As his former acoylte Charlie Whelan put it recently:
for the sublest rulers of the Raj, epitomised by Brown and by the former defence secretary George Robertson, the thing is to keep banging the drum for the UK. Let the devolution settlement keep the Nats at bay in the north; keep the Britishness to the fore in the south, to preserve the union. This might be labelled the enlightened policy.
That is not to say that Brown’s convictions are not deeply held, and parts of this latest speech are powerful.
There is a golden thread that runs through British history – of the liberty of the individual, the individual standing firm against tyranny and the arbitrary use of power. It runs from that historic day in Runnymede in 1215, to the Bill of Rights in 1689, to the social and economic as well as political liberties we cherish today.
Where I differ with Brown is that I see the Acts of Union as strengthening arbitrary state power rather than individual liberty, the Crown rather than the Commonwealth.
This is especially clear in relation to the union between Britain and Ireland, which came about after the defeat of the United Irishmen, who were themselves closely linked to the Scottish enlightenment and the broader liberal tradition.

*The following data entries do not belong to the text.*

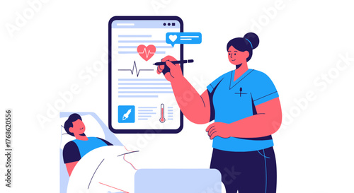 Lidský orgán pro transplantaci zkontrolovat vektorový plakát. Klinika lékař analyzuje srdeční tep a puls před transplantací. Koncepce medicíny a transplantologie
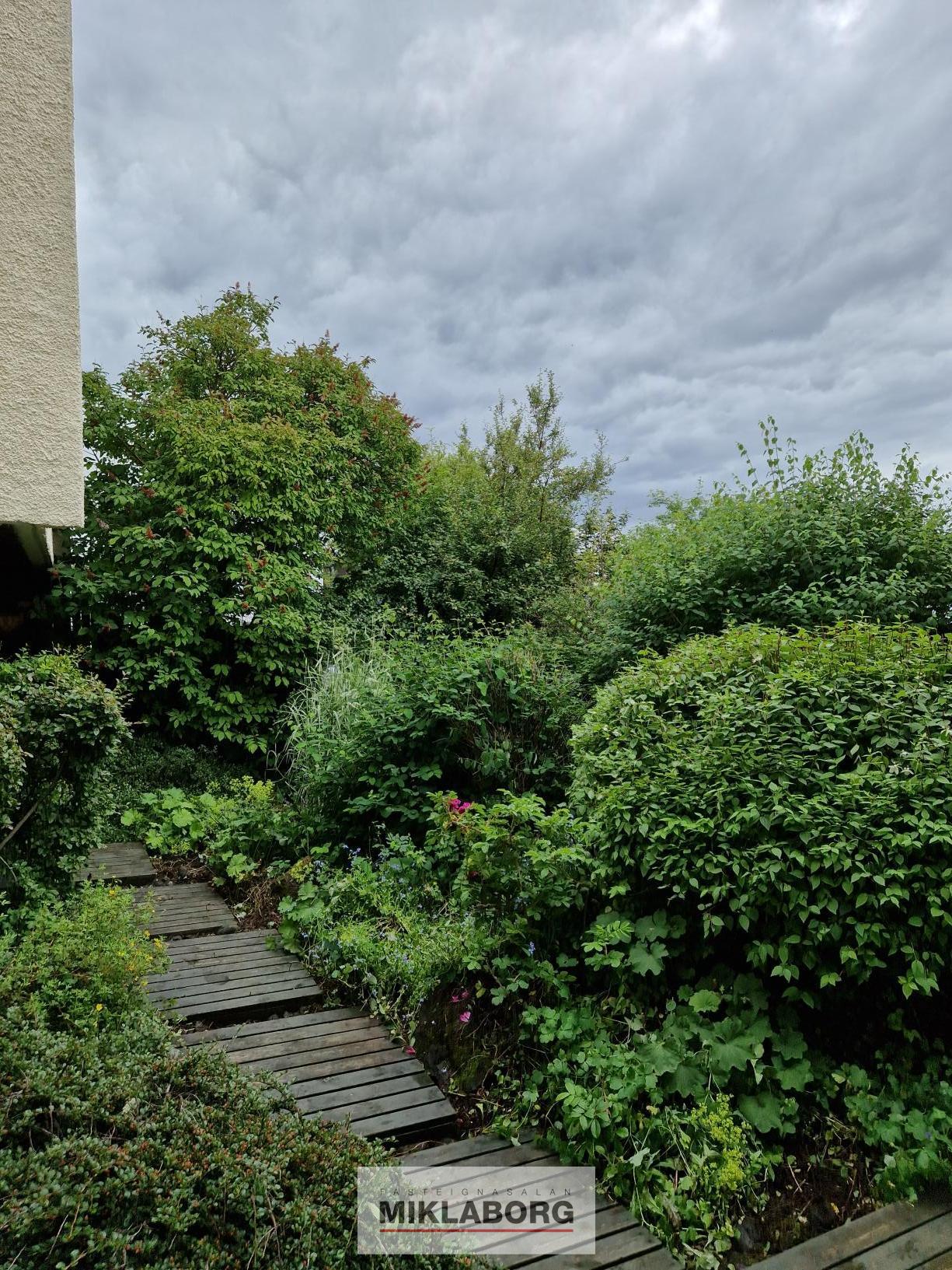 Neðri hæðin: Þegar komið er niður stiga þar sem opið vinnurými er í holi. Þvottahús og geymslur eru einnig á hæðinni. Hjá stigapalli inn af gangi er stórt svefnherbergi með parket á gólfi, einnig er útgengt af stigapalli út í gróinn garð. Í garðinum, sem er í japönskum anda, hannaður af er stórt skjólgott skýli með palli og kaldri geymslu. Á neðri hæðinni er einnig 2ja herbergja íbúð sem er í útleigu. Þar er eitt svefnherbergi, eldhús, stofa og baðherbergi. Sérinngangur að aukaíbúðinni er á vestur hlið hússins, gengið niður meðfram húsinu.
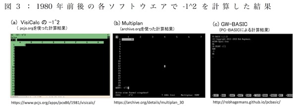 エクセルやMultiplanが発売当時を調べてみると、面白いことがわかります。表計算ソフトという形態を作り出したVisiCalcも、当時の表計算ソフトの用途と重なるところも多かったデータベースソフトdBaseでも、ビジネスプログラミング言語のCOBOLも、多くのソフトでエクセルと同じ演算結果を出力します(図2、図3)。  そんな時代背景を踏まえれば、エクセルが「単項演算子―は2項演算子^に優先する」という仕様にしたということも、いたって自然にも思えてきます。
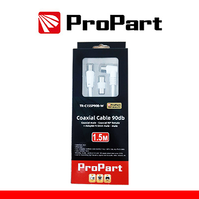 Cavo coassiale antenna TV 90 Ω IEC Spina 90° - Presa 90° + ADATTATORE spina-spina / 1.5Metri / PROPART / BLISTER
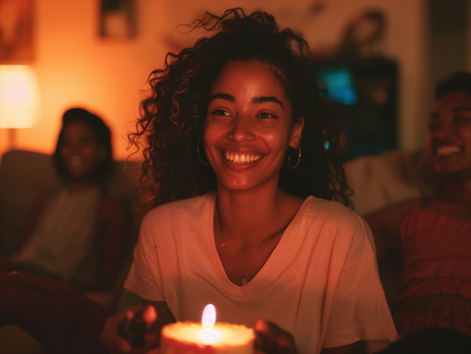 Smiling woman with curly hair enjoying a cozy candlelit evening with friends in a warmly lit room.

Brown himself cites the United States as sharing this tradition, but does not point out that it was these very values that led America to break with Britain, inspired by an Englishman, Tom Paine.
The present form of the union between England and Scotland, with its Scottish Labour MPs being whipped through the Commons on English issues, reminds one of the rotten boroughs that Paine criticised.
That spectacle makes it clear the union is more about preserving state power than about preserving liberty.